Reputation: 69
I am new to Text mining and NLP related stuffs.I am working on a small project where I am trying to extract information out of a few documents.I am basically doing a pos tagging and then using a chunker to find out the pattern based on the tagged words.Do I need to use Stopwords before doing this POS tagging?will using stopwords affect my POS tagger's accuracy?
Upvotes: 3
Views: 3289
Reputation: 7
I would advice you to use POS taggers before removing stop words as POS tagging is performed as sequence classification,So changing the sequence by removing stop words will very likely affect the POS tag of remaining words.
Upvotes: 0
Reputation: 122240
Let's use this as an example to train/test a tagger:
First get the corpus and stoplist
>>> import nltk
>>> nltk.download('stopwords')
>>> nltk.download('cess_esp')
Load the wrappers in NLTK
>>> from nltk.corpus import cess_esp as cess
>>> from nltk.corpus import stopwords
# Import the function to train a tagger.
>>> from nltk import UnigramTagger, BigramTagger
# Load the Spanish stopwords
>>> stoplist = stopwords.words('spanish')
# Load the Spanish tagger
>>> cess_sents = cess.tagged_sents()
Split the corpus into train/test sets
>>> len(cess_sents)
6030
>>> test_set = cess_sents[-int(6030/10):]
>>> train_set = cess_sents[:-int(6030/10)]
>>> range(10)
[0, 1, 2, 3, 4, 5, 6, 7, 8, 9]
>>> range(10)[-2:]
[8, 9]
>>> range(10)[:-2]
[0, 1, 2, 3, 4, 5, 6, 7]
Create an alternate train_set without stopwords.
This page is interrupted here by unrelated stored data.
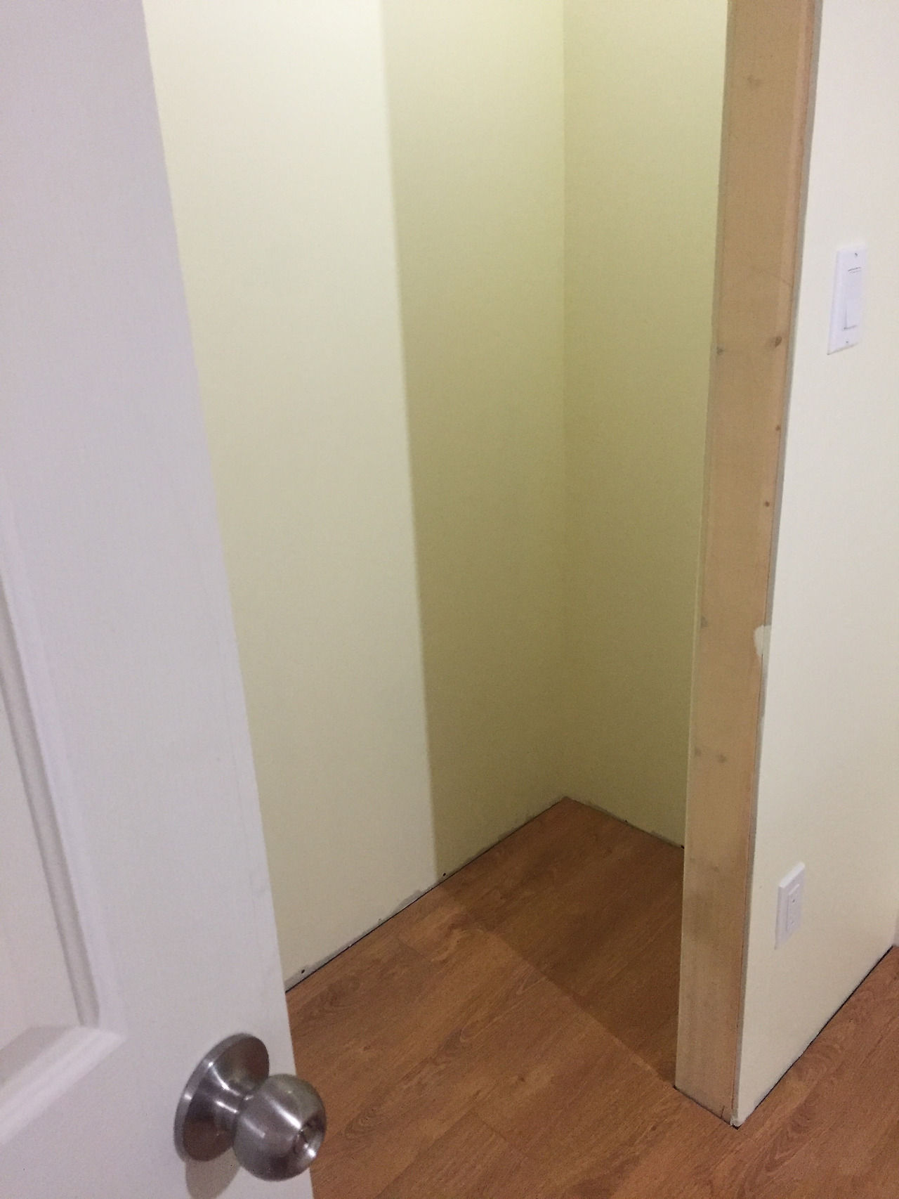 다음은 방문과 벽장문을 설치하고 사이드 몰딩을 붙여준다. 방문은 규격이 여러 가지가 있는데 높이와 폭이 보통의 방에 사용하는 것을 구입해서 32"x 80"로 작업을 했고, 화장실용으로는 폭이 약간 좁은 30"x80", 옷장용은 접이식 문으로 35" x80"를 사용했다.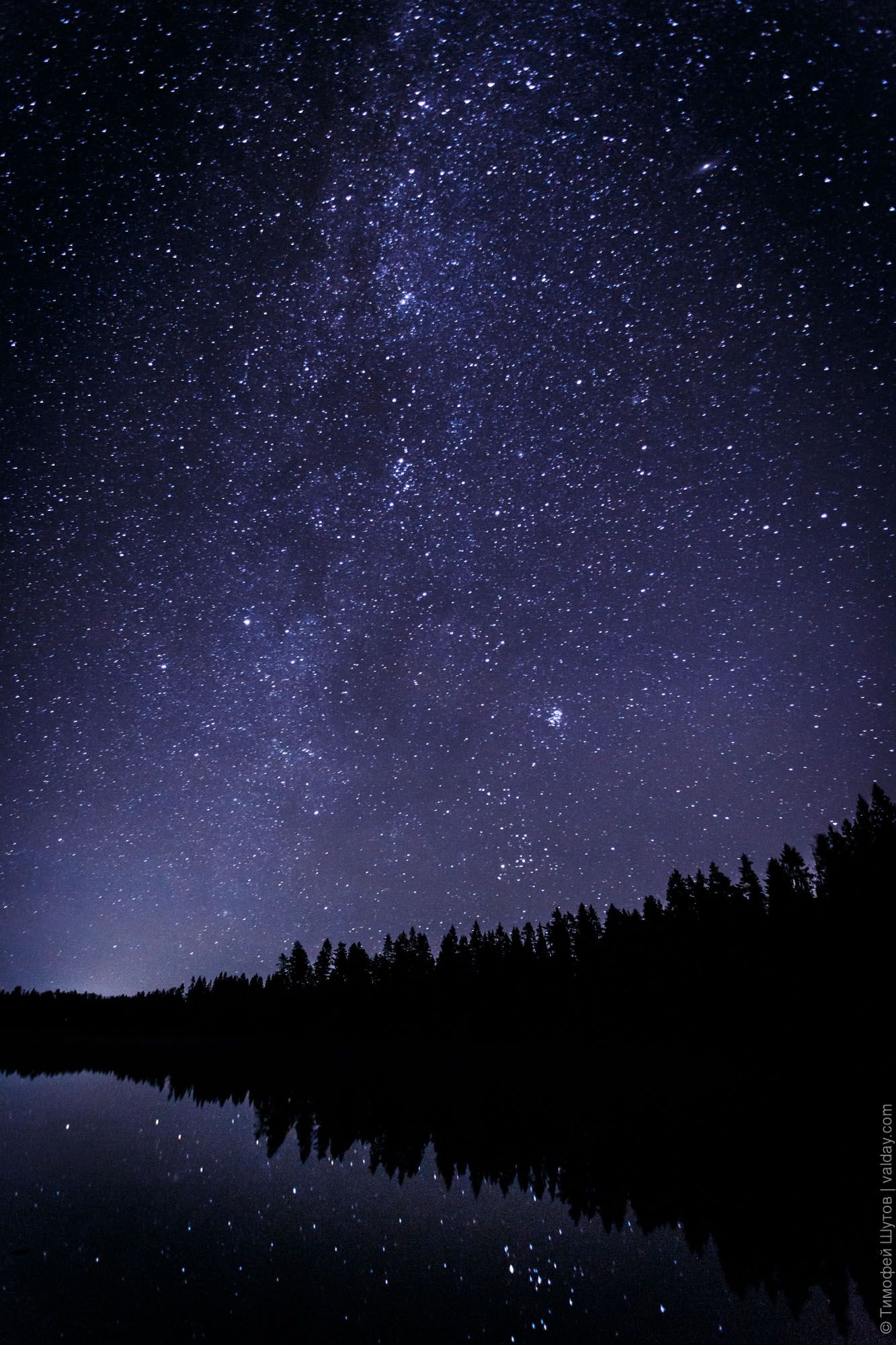 На болоте вокруг озера уже ощутимый минус, мох заблестел и заискрился. Вызвездило сегодня на отличненько, на воде полный штиль и полное ощущение, что космос у тебя под ногами.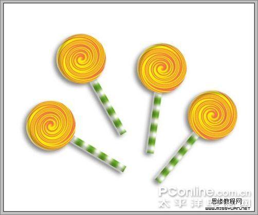 本教程介绍棒棒糖的简单制作方法,思路:先定义好糖面的颜色,然后使用半调图案制作出色彩相间的图案效果,再执行极坐标制作出棒棒糖面效果,用椭圆选区工具复制出来加上样式效果,同样的方法也可以制作出其它颜色的效果!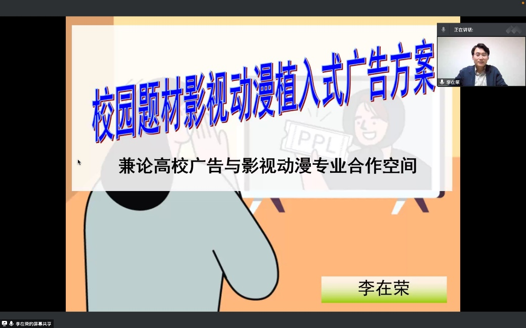 2022年3月22日18:30,广告学系邀请东北师范大学传媒科学学院李在荣副教授,以网络在线的方式作了题为《校园题材影视动漫植入式广告方案探讨》的讲座,广告学师生聆听讲座。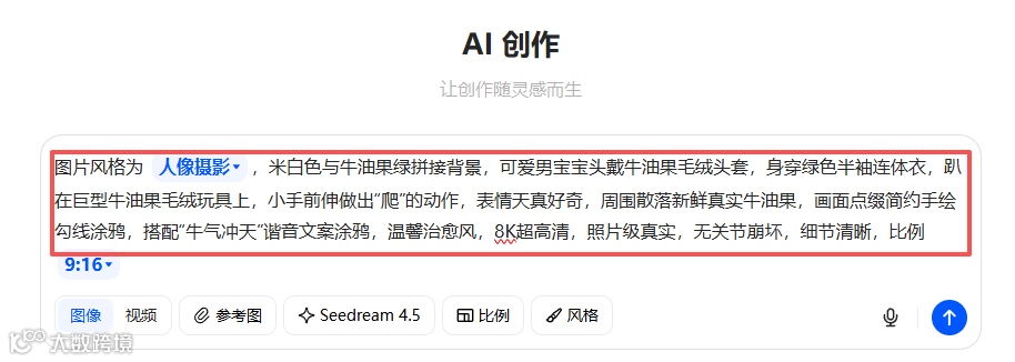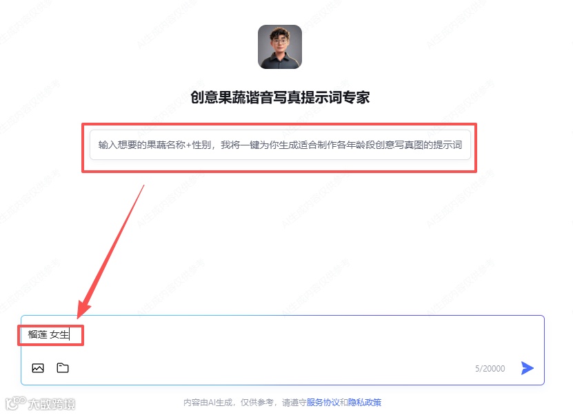 打开创意果蔬写真智能体,在对话框输入关键词并发送,即可生成提示词。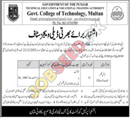 Government College of Technology, Multan Punjab Pakistan invites applications from eligible candidates for the post of Tile Fiser as per advertisement of 16 December, 2025, published in Khabrain Newspaper. Matric educational qualification will be preferred.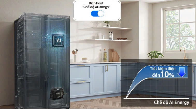 Chế độ AI Energy sẽ phân tích thói quen sử dụng tủ lạnh của bạn, từ đó ước tính mức tiêu thụ điện dựa trên công nghệ AI. Nếu hóa đơn tiền điện dự kiến vượt quá mục tiêu đặt trước của bạn, tủ lạnh sẽ nhắc bạn kích hoạt chế độ tiết kiệm điện giúp giảm thêm đến 10%.

>>> train_set_nostop = [[(word,tag) for word, tag in sent if word.lower() not in stoplist] for sent in train_set]
See the difference:
>>> train_set[0]
[(u'El', u'da0ms0'), (u'grupo', u'ncms000'), (u'estatal', u'aq0cs0'), (u'Electricit\xe9_de_France', u'np00000'), (u'-Fpa-', u'Fpa'), (u'EDF', u'np00000'), (u'-Fpt-', u'Fpt'), (u'anunci\xf3', u'vmis3s0'), (u'hoy', u'rg'), (u',', u'Fc'), (u'jueves', u'W'), (u',', u'Fc'), (u'la', u'da0fs0'), (u'compra', u'ncfs000'), (u'del', u'spcms'), (u'51_por_ciento', u'Zp'), (u'de', u'sps00'), (u'la', u'da0fs0'), (u'empresa', u'ncfs000'), (u'mexicana', u'aq0fs0'), (u'Electricidad_\xc1guila_de_Altamira', u'np00000'), (u'-Fpa-', u'Fpa'), (u'EAA', u'np00000'), (u'-Fpt-', u'Fpt'), (u',', u'Fc'), (u'creada', u'aq0fsp'), (u'por', u'sps00'), (u'el', u'da0ms0'), (u'japon\xe9s', u'aq0ms0'), (u'Mitsubishi_Corporation', u'np00000'), (u'para', u'sps00'), (u'poner_en_marcha', u'vmn0000'), (u'una', u'di0fs0'), (u'central', u'ncfs000'), (u'de', u'sps00'), (u'gas', u'ncms000'), (u'de', u'sps00'), (u'495', u'Z'), (u'megavatios', u'ncmp000'), (u'.', u'Fp')]
>>> train_set_nostop[0]
[(u'grupo', u'ncms000'), (u'estatal', u'aq0cs0'), (u'Electricit\xe9_de_France', u'np00000'), (u'-Fpa-', u'Fpa'), (u'EDF', u'np00000'), (u'-Fpt-', u'Fpt'), (u'anunci\xf3', u'vmis3s0'), (u'hoy', u'rg'), (u',', u'Fc'), (u'jueves', u'W'), (u',', u'Fc'), (u'compra', u'ncfs000'), (u'51_por_ciento', u'Zp'), (u'empresa', u'ncfs000'), (u'mexicana', u'aq0fs0'), (u'Electricidad_\xc1guila_de_Altamira', u'np00000'), (u'-Fpa-', u'Fpa'), (u'EAA', u'np00000'), (u'-Fpt-', u'Fpt'), (u',', u'Fc'), (u'creada', u'aq0fsp'), (u'japon\xe9s', u'aq0ms0'), (u'Mitsubishi_Corporation', u'np00000'), (u'poner_en_marcha', u'vmn0000'), (u'central', u'ncfs000'), (u'gas', u'ncms000'), (u'495', u'Z'), (u'megavatios', u'ncmp000'), (u'.', u'Fp')]
>>>
Train a tagger:
>>> uni_tag = UnigramTagger(train_set)
Train a tagger with corpus without stopwords:
>>> uni_tag_nostop = UnigramTagger(train_set_nostop)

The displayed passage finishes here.